节点文献
基于统计模式识别发音错误自动检测的研究
A Study on Automatic Mispronunciation Detection Based on Statistical Pattern Recognition
【作者】 张峰;
【作者基本信息】 中国科学技术大学 , 信号与信息处理, 2009, 博士
【摘要】 发音错误自动检测是计算机辅助语言学习系统的关键技术,在很大程度上决定了计算机辅助语言学习系统的性能。可靠的自动发音错误检测技术有助于计算机辅助语言学习系统了解学习者掌握语言的水平,分析出学习者的发音缺陷,针对性的给出改进意见,并给出对应的学习材料,有效的提高学习者的语言水平。本文针对主流的基于统计模式识别的发音错误自动检测技术进行了深入的分析,在声学模型和后端处理方面都进行了有针对性地研究,建立了性能稳定的发音检错系统。本论文的具体工作和研究成果概述如下。首先,本文调研了发音错误自动检测技术,通过对该研究背景和现状的分析,选择了基于统计语音识别的策略作为发音错误检测的基本方法。在对基本的发音检错的系统进行介绍时,本文重点说明了系统中的错误检测度量得分算法。针对原有的错误检测度量得分算法在实际使用中的缺陷,本文提出了SLPP算法,其检错性能要明显好于原有算法。在对本文的实验数据库进行介绍时,分析了数据库上几个专家检错结果的一致性问题,了解了人工发音检错的性能,说明了发音检错自动任务的挑战性。其次,在声学模型的改进方面,本文提出了引入统计语音识别中的自适应技术,将该技术用于测试数据,减少测试数据与训练数据的不匹配,同时也应用于训练数据,以有效的估计出话者无关的规范模型。
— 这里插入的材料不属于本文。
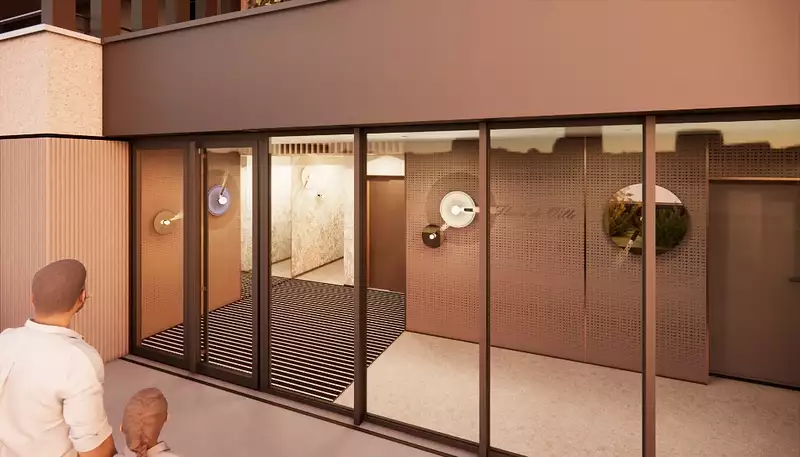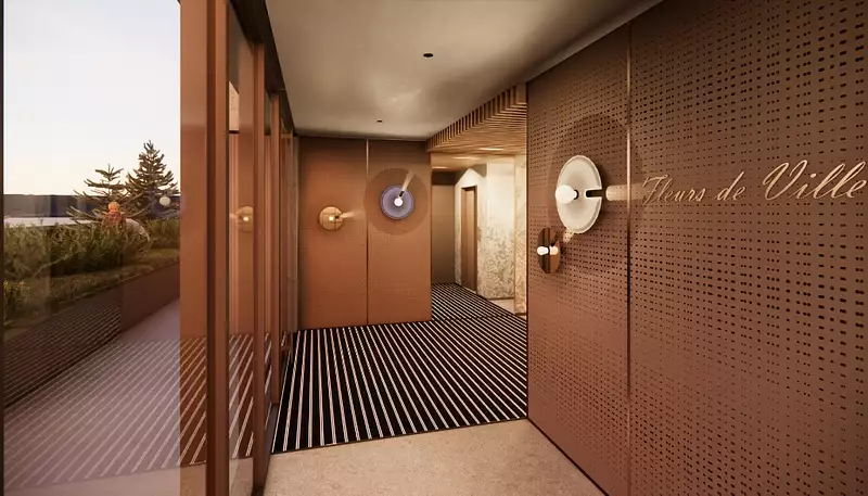 Hall d'entrée raffiné ; un espace d'accueil habillé de matériaux noble et d'un design contemporain,

在对测试数据采用自适应技术时,本文引入了语音识别中成熟的MLLR算法。由于语音检错与语音识别的目标不一致,MLLR算法不一定能提高发音检错系统的性能。为此,本文针对发音检错的目标,提出了SMLLR的自适应技术;在对训练数据采用自适应技术时,本文引入了语音识别中的SAT算法,以生成规范的声学模型,提高检错性能。由于规范模型会导致其与测试数据更加不一致,因此需要把SAT技术和SMLLR技术结合使用,以有效的提高发音检错系统的性能。再次,在声学建模的改进方面,本文还提出了采用语音识别中的区分性训练的思想,针对性的设置与发音检错目标相一致的声学建模目标函数。通过回顾语音识别中的各种区分性训练的方法,本文说明了这些区分性训练的方法如何与语音识别的提高识别率的这个目标函数相一致。然后针对发音检错的任务,本文分析了该任务的目标函数以及与之对应的区分性训练的策略,提出了发音检错的区分性训练的方法要与错误检测度量得分算法相一致,并且提出在进行区分性训练时,训练数据库中除了正确发音的样本外,还需要错误发音的样本,否则区分性训练可能作用不明显。此外,除了声学建模的改进以外,本文还从发音检错的后端处理方面,提出了三维后端归一化的处理策略和基于机器学习的后端处理策略。首先,通过对专家打分和实验数据的分析,提出了要在说话人层次上引入说话人整体发音水平的特征;其次,通过对文本相关的后验概率的分析,提出了要在说话内容层次上引入音素类别的特征;再次,通过对系统使用中的干扰问题的分析,提出了要在说话时间层次引入前后文得分的特征。最后,通过引入这三个层次的特征,提出了三维后端归一化的处理策略,大幅度提高了系统性能。三维后端归一化的处理策略也有一些问题,比如多维特征的处理。为了解决这些问题,我们提出了更加可靠的基于机器学习的后端处理策略,通过SVM来处理多维特征的优化。最后,通过以上的研究工作,可以实现一个性能比较稳定的发音检错系统,在此基础上,本文提出了发音检错的声学模型自动更新策略,该策略能通过对未标注的原始数据的获得,针对错误发音样本进行处理,不断的提高发音检错系统的性能。首先,本文分析了错误检测度量生成算法,说明了对错误发音进行建模的必要性;接着通过对错误发音的特点和非监督的参数估计的分析,提出了几种错误发音建模的策略,其中错误发音半监督聚类建模的算法效果最好。进一步,通过已建立的性能比较可靠的检错系统以及错误发音建模算法,本文提出了发音检错的声学模型自动更新策略,能够处理未标注的原始数据,改进声学模型的建模空间,提高发音检错系统的性能。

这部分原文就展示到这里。